My relationship with my skin has never been an easy one. I’m so used to criticizing what I see in the mirror that it’s been difficult getting used to dating guys who don’t notice the acne scarring and discoloration like I do. I wish I could knock it off, but some days are just hard.
My skin hated me in high school.
Like many people, my acne started at the beginning of high school and kept getting worse from there. I had everything from tiny blackheads covering my nose to angry cystic acne that would take weeks to go away. Some mornings I would have a nice smooth patch of skin on my face and I would think my hormones were finally balancing out only to have it taken over by a painful red breakout by lunch period.
I tried everything and nothing worked.
It feels like I tried every drugstore acne product on the market. No matter the face wash, toner, or spot treatment, I couldn’t find anything that would work long-term. I even went on Proactive hoping it was the cure I’d been looking for and all it did was dry my face out worse than the Mojave desert. The only positive to come from having to constantly try new products was a greater understanding of what my skin will and will not tolerate.
I had to go to the doctor for help.
I started taking birth control pills after I turned 17 and it was the first thing that had any significant impact on my acne. It balanced out my hormones enough to give me a fighting chance of handling my breakouts, but I was still dealing with stubborn oily skin that refused to stay clear. I was also put on an oral antibiotic called Doxycycline that’s supposed to fight acne but as a side effect, it made me throw up most times that I took it.
Makeup showed me what my skin could look like.

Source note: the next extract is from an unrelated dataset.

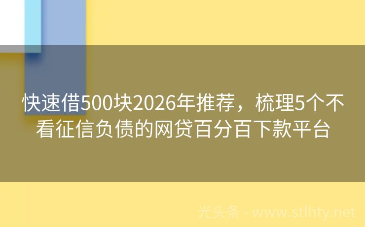 快速借500块2026年推荐,梳理5个不看征信负债的网贷百分百下款平台 在这个快节奏的时代,资金周转问题时常困扰着大家,不用担心,今天我要向大家推荐一些不看征信的借款APP,让您在急需资金时,轻松解决燃眉之急,以下五大快速借500块,不仅额度灵活,而且审批快速,服务优质,让您借款无忧! 2026年的快速借500块有:借款易融、钱鼓鼓、美团生活费、快易贷宝、桔子买单等。 ...

While I was constantly battling my acne, I started dabbling in makeup to see if I could at least cover some of it up. I have very pale skin, so any redness or discoloration on my face stands out like there’s a spotlight on it and makes my overall skin look worse than it is. After finding a foundation and powder that matches my skin tone, I was relieved to see how I finally looked “normal.”
I had to wear makeup every day.
Once I realized makeup could help me look the way I’d always wanted, I quickly got in the habit of wearing it every day to school. Even after moving away for college I’d still make myself get up an hour and a half early before my morning classes to put my face on. My acne wasn’t improving so I never felt comfortable going barefaced.
I slept in it because I was scared to take it off.
Halfway through college, I started having more adult sleepovers with boys and I found myself in a dilemma. I knew I had to take my makeup off before going to sleep or else I’d break out even worse, but if I took it off the guy I was with would see how bad I looked without it. I was so nervous and insecure I slept in my makeup multiple times and my skin was furious with me.
One night, I finally decided I’d had enough.
I had been seeing the same guy for a while and I got to the point where I thought, “If this keeps going well he’s going to see my real face eventually,” so I washed my face like I usually do before bed and surprise surprise, he didn’t recoil in horror or demand I leave his bed immediately. He’d noticed that I refused to take my makeup off before, so to finally see me get comfortable enough to show him what’s underneath meant a lot to him.
I stopped wearing makeup every day and my skin started to clear up.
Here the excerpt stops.